Protocol reduces mortality rates for hip fracture 80%
Protocol reduces mortality rates for hip fracture 80%
Administration overcame physician resistance
In 2000, quality professionals at Staten Island (NY) University Hospital reviewed the perioperative death of a 78-year-old woman undergoing hip fracture surgery. During a root-cause analysis of this sentinel event, a key area for improvement was identified: Medical staff lacked specific privileging for preoperative evaluations of high-risk patients.
Even though the organization’s mortality rate of 4.9% was less than the state average of 5.1%, quality leaders set a goal to reduce mortality by developing criteria-driven pre-op assessment privileges requiring specific training and experience.
A defined privilege was developed for medical staff to assess and preoperatively clear high-risk hip fracture patients to ensure competency and reduce variability. A cadre of physicians was identified who could continue doing the pre-op assessments, consisting initially of pulmonary or cardiac intensivists, and later, 20 hospitalists. In addition, emergency department physicians were asked to give earlier notification of hip fracture patients so medical evaluations can be initiated sooner.
"The medical management of the surgical patient is becoming a specialty field unto itself, and we relied on this research to form the basis of our hypothesis," says Joseph Conte, MPA, the organization’s vice president of quality and risk management. "We did not know that it would be validated by the outcomes until they were measured over time."
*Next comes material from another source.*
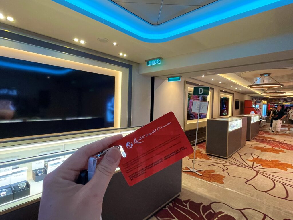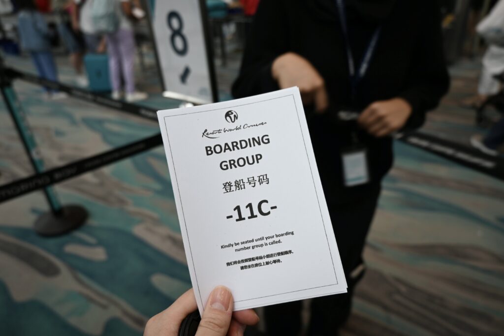 チェックイン時はパスポートと乗船券を提示し、この場でクルーズカードをいただきました。穴が開いていて首からかけられるタイプで便利。写真も撮られることがないので、代表者の方のみ並んでの手続きで良いようです。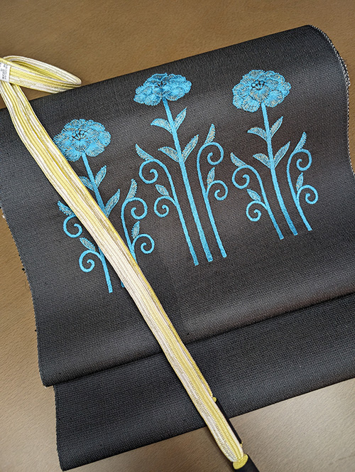 納戸鼠色の地色に浅黄色の刺繍でカーネーションを刺しています。

There was considerable resistance from attending surgeons who didn’t like having to ask a privileged physician to do preoperative assessments for their patients, Conte says. "The JCAHO medical staff standards do call for privileges to be defined in the department the practice is going to be delivered, so this was the underpinning for the authority we needed to go forward," he says.
Resistance was addressed by making it clear that patient safety was at stake and offering all medical staff who previously did preoperative clearance for hip fracture patients the opportunity to apply for preoperative assessment privileges.
"This was contingent on them taking the continuing medical education class, either internally or externally at an approved center, agreeing to proceed with the evaluation within 12 hours, and most importantly, that they continue monitoring the patient postoperatively throughout the stay," Conte adds. A four-hour evidence-based graduate medical education program was developed and offered to the medical staff so they could become privileged, with approximately 55 of 400 eligible physicians choosing to pursue it.
Outcomes data were shared showing marked improvements, which motivated orthopedic surgeons to become advocates for the new process.
"They saw immediate benefits to their patients. They began using the new approach for assessment on all their patients age 65 and older having any kind of surgery, even though it was not required. This was very powerful," Conte says. The dual effect of reduced mortality and improved continuum of care overcame any remaining resistance within months, he adds.
Over the next three years, mortality rates for high-risk patients undergoing hip fracture repairs decreased nearly 80% — from 4.9% down to 1%. "The first year, it was reduced to 2.7% and the second year was the same. But the third year was a breakthrough year, with 1% mortality for over 200 patients, and so far we have held at that same level," Conte explains.
The impressive results resulted in the organization receiving both JCAHO’s Ernest A. Codman Award, which recognizes excellence in the use of outcomes measurement to achieve improvements in the quality and safety of health care, and the New York State Hospital Association’s Pinnacle Award for Quality Improvement.
The project has led to a credentialing revision for all categories of preoperative assessment for in-house surgical patients, Conte reports. "This process is being phased in starting with high-risk procedures in June of this year," he says. Since nearly 25% of patients die within one year of a hip fracture, the organization now is looking at post-op mortality for hip fracture patients following discharge. "We have developed a protocol that will follow patients post-discharge through a home visit program, including medical and physical therapy follow-up," he reports.
The organization’s root-cause analysis was the key factor in identifying areas for improvement, Conte adds. "We were able to dig down into issues related to competency training and variance and what happened in previous cases, which is not something generally done in morbidity and mortality review, when you are looking at an individual practitioner," he explains.
However, root-cause analysis only is effective when there is no preconceived notion at the initiation of the process, Conte notes. "Often, organizations go through the motions and back into a preconceived solution that is not a proximate cause of the event. If you do not make the hard decisions about competency, training, and performance, the process will not be fully effective."
Blaming an individual for inadequate performance does little to prevent recurrence, when in fact the underlying issues are often systematic and rooted in long-held practices that are difficult to change, both operationally and politically, Conte adds. "Using evidence-based medical information often satisfies the physician’s need for a scientific basis for change and improvement," he says.